(Dataset entries)
··········
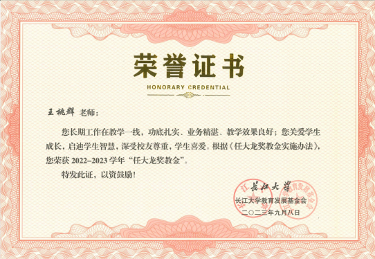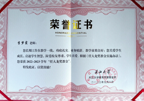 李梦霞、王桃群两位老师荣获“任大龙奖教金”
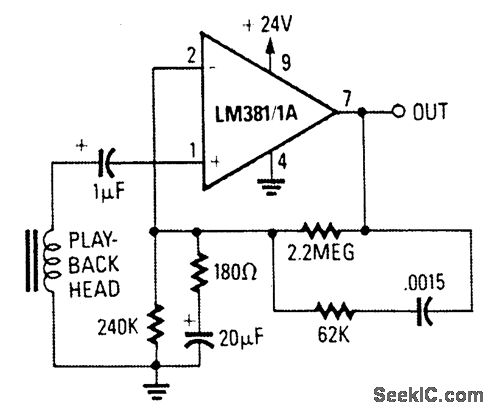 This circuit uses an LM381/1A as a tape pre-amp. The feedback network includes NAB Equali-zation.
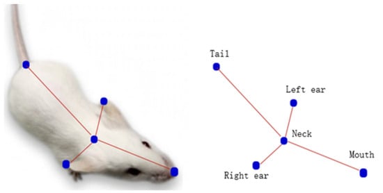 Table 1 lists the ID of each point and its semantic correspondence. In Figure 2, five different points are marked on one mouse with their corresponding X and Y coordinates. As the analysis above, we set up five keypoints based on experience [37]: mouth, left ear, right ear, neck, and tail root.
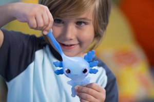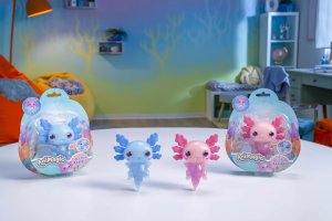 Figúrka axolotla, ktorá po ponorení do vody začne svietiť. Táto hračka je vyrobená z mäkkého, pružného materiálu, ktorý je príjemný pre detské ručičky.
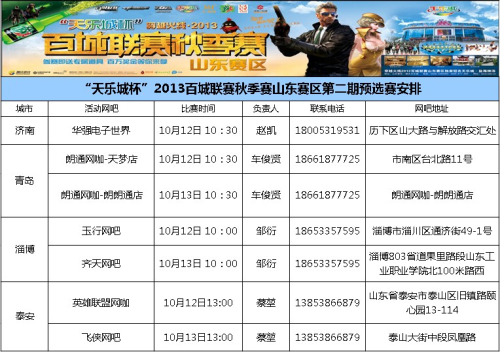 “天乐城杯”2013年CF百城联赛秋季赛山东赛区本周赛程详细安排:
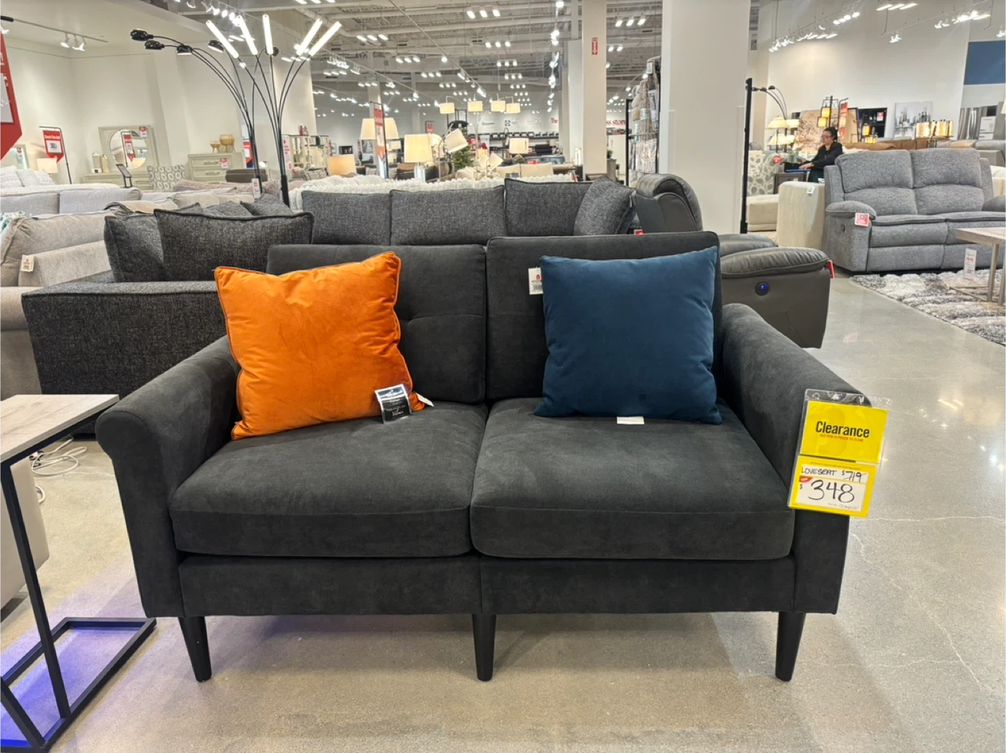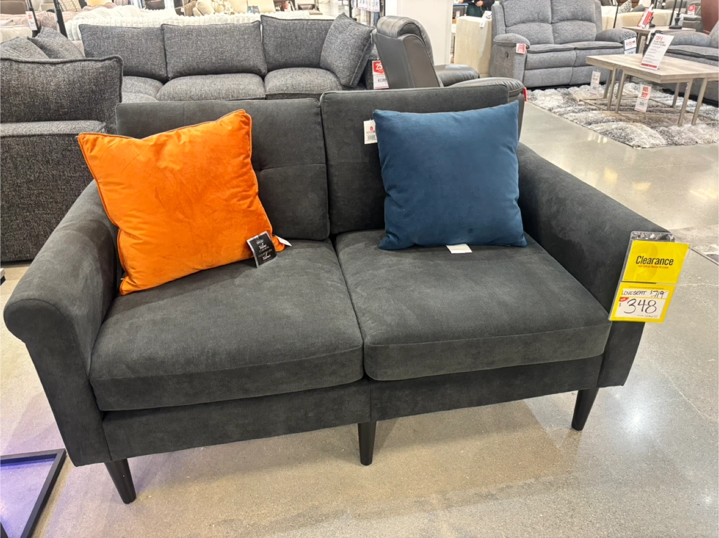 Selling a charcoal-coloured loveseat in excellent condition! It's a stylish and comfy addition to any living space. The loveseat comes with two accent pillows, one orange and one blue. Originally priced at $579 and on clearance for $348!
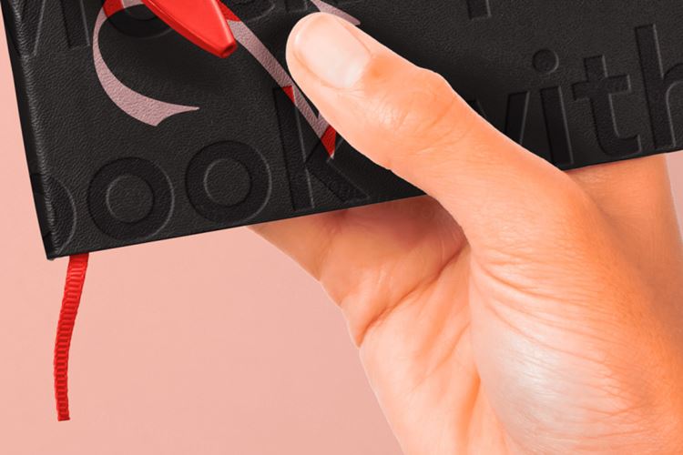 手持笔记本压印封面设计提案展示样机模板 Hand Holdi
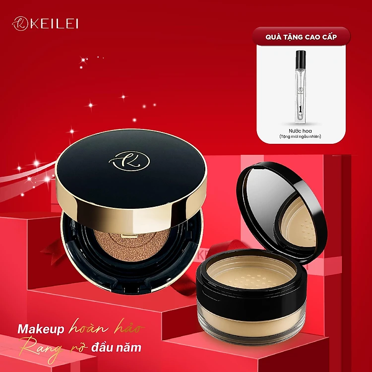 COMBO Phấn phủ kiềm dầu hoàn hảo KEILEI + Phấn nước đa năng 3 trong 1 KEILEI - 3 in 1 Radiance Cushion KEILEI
··········
◆ EXERCISE ◆
May I have only the lines from the start of the data through the line containing "This circuit uses", both included, reproduced exactly and without the pictures?

◆ RESPONSE BOX ◆
 李梦霞、王桃群两位老师荣获“任大龙奖教金”
 This circuit uses an LM381/1A as a tape pre-amp. The feedback network includes NAB Equali-zation.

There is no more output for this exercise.